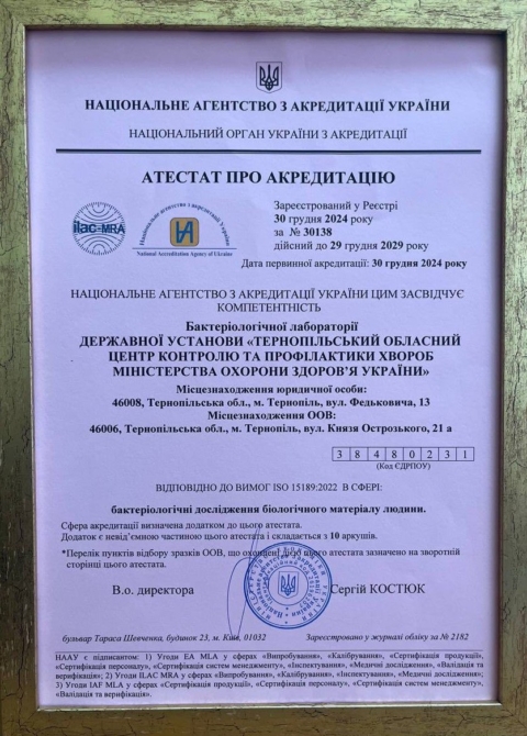 Сертифікація за ISO 15189:2022 підтверджує прагнення фахівців Тернопільського обласного центру контролю та профілактики хвороб МОЗ України до постійного вдосконалення задля забезпечення найкращої якості лабораторної діяльності.
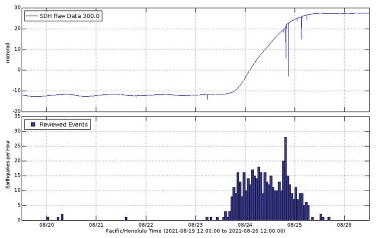 There were 2 events with 3 or more felt reports in the Hawaiian Islands during the past week: a M2.8 earthquake 21 km (13 mi) WNW of Mountain View at 19 km (12 mi) depth on Aug. 25 at 9:25 a.m. HST and a M3.3 earthquake 9 km (5 mi) ENE of Pahala at 32 km (19 mi) depth on Aug. 20 at 10:16 a.m. HST.
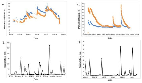 GIBox soil moisture sensor and local local meteorological agency precipitation data for the Buffalo, NY bioswale (BUF-Y; A,B) and the Vancouver, BCbioswale (VAN-X; C,D). Soil moisture data is recorded as percent moisture for sensors located at 10 cm (blue) and 20 cm (orange) below the soil surface. Precipitation data (black) is recorded in millimeters. The VAN-X (C) GIBox 10 cm and 20 cm moisture sensors were inadvertently switched when installed by the citizen scientists.

> What to work on: Produce the material above again in full, with identical lines and no pictures.

> Output below:
 Сертифікація за ISO 15189:2022 підтверджує прагнення фахівців Тернопільського обласного центру контролю та профілактики хвороб МОЗ України до постійного вдосконалення задля забезпечення найкращої якості лабораторної діяльності.
 There were 2 events with 3 or more felt reports in the Hawaiian Islands during the past week: a M2.8 earthquake 21 km (13 mi) WNW of Mountain View at 19 km (12 mi) depth on Aug. 25 at 9:25 a.m. HST and a M3.3 earthquake 9 km (5 mi) ENE of Pahala at 32 km (19 mi) depth on Aug. 20 at 10:16 a.m. HST.
 GIBox soil moisture sensor and local local meteorological agency precipitation data for the Buffalo, NY bioswale (BUF-Y; A,B) and the Vancouver, BCbioswale (VAN-X; C,D). Soil moisture data is recorded as percent moisture for sensors located at 10 cm (blue) and 20 cm (orange) below the soil surface. Precipitation data (black) is recorded in millimeters. The VAN-X (C) GIBox 10 cm and 20 cm moisture sensors were inadvertently switched when installed by the citizen scientists.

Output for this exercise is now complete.